What you should do:
With the pictures left out, set down the line containing "加勢 信ノ佑さんを姓名の画数から五運を鑑定" and each line after it to the end of the material, exactly as written.

Data below:
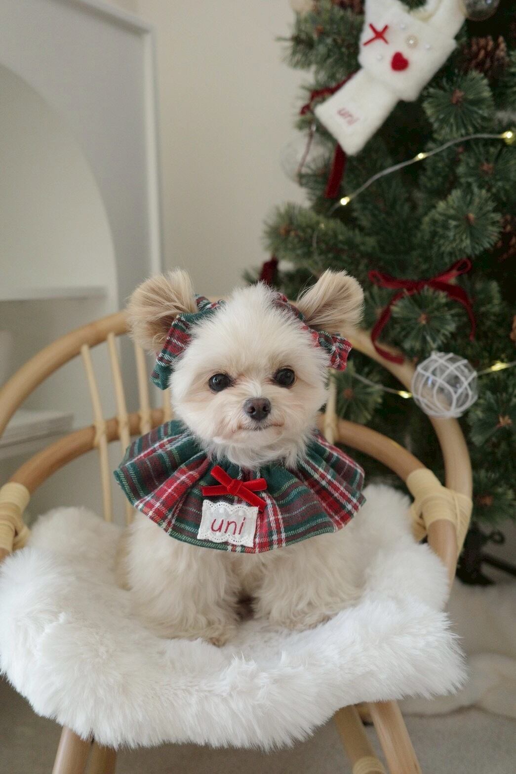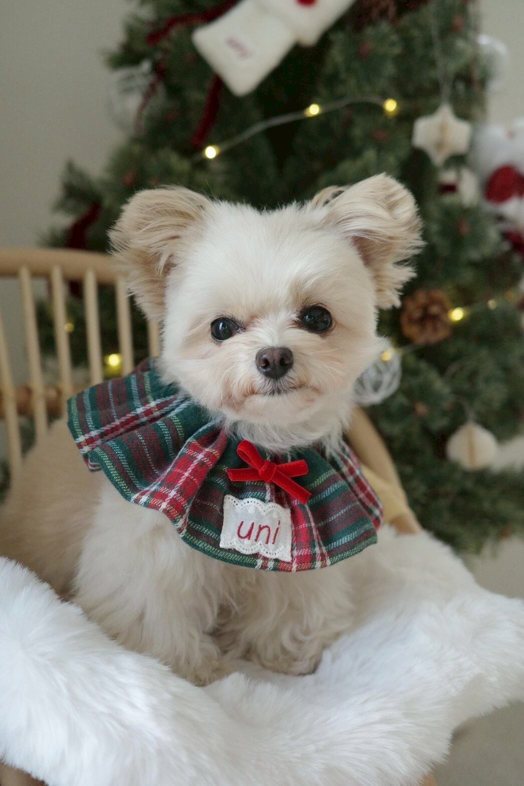 【12/19〜20配送予定】christmas check cape / 犬ケープ/犬スタイ
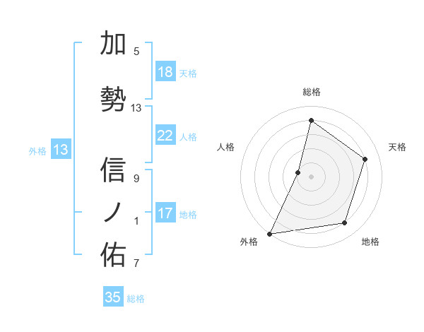 加勢 信ノ佑さんを姓名の画数から五運を鑑定
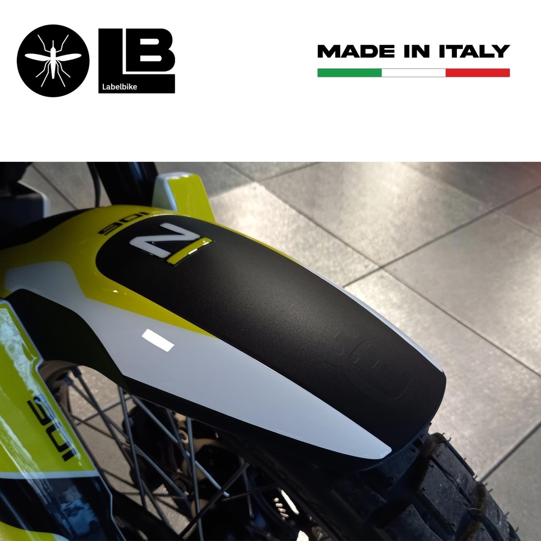 Adhesivos Made in Italy, exclusivos Labelbike, de resina con colores amarillo, negro y blanco y letras 901. Nuestros adhesivos decoran tu Norden 901 y la hacen única, la protegen de golpes y arañazos y son resistentes a la intemperie y a los rayos UV.

Exercise solution:
 加勢 信ノ佑さんを姓名の画数から五運を鑑定
 Adhesivos Made in Italy, exclusivos Labelbike, de resina con colores amarillo, negro y blanco y letras 901. Nuestros adhesivos decoran tu Norden 901 y la hacen única, la protegen de golpes y arañazos y son resistentes a la intemperie y a los rayos UV.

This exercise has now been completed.